The whole point of stepping away from the Tyrone senior football panel two years ago was to play more football with his club.

A couple of times Carlin doubted his decision to retire from the inter-county scene.

But then he thinks of his two-year-old “football-mad” son Cormac and seven-month-old Catherine and those moments of doubt disappear as if they were never there in the first place.

“It wasn’t an easy decision to walk away from Tyrone – 13 years. There was nothing easy about it,” he says.

“This time last year when we were beaten [by Trillick] I was sort of thinking: ‘Jeez, was it the right call?’

“But it was totally the right call.

“I’ve a little two-year-old son and a seven-month-old girl… The good thing is we train at 8 o’clock, so I help put the kids to bed at half-seven and the pitch is only two minutes away.

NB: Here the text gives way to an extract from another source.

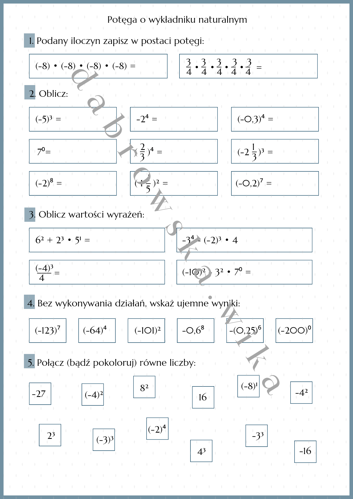 Materiał zawiera kartę pracy wprowadzającą w temat "potęgi o wykładniku naturalnym". Może również posłużyć jako kartkówka.

“Whereas Tyrone training was at half-seven and you were there for half-six and you’d get food afterwards.

“You have to weigh it up. You’d be heading away for weekends with Tyrone, so you’re not seeing the kids in the evenings and you’re not seeing them at the weekends…

“It’s great seeing the kids in the evenings. You don’t want to be missing out on that.”

But just when you’ve climbed the mountain, another one awaits Carlin and his team-mates on Sunday.

Due to a waterlogged pitch and a final replay, the Tyrone champions have had a mere nine days to prepare for their Ulster quarter-final with Erin’s Own, Cargin.

And you could probably shave off one or two more days for the post-match celebrations in the parish.

“We’re going to be up against it,” insists Carlin.

“I know a lot of the Cargin lads. I was in Boston with Ciaran Close many years ago and I know the McCanns [Michael and Tomas]. Those boys are pushing for Ulsters now which is no surprise.

“We are probably where Cargin were last year. They have a lot of good footballers. But we’re playing on what is nearly our home patch in Omagh and we'll give it a go.”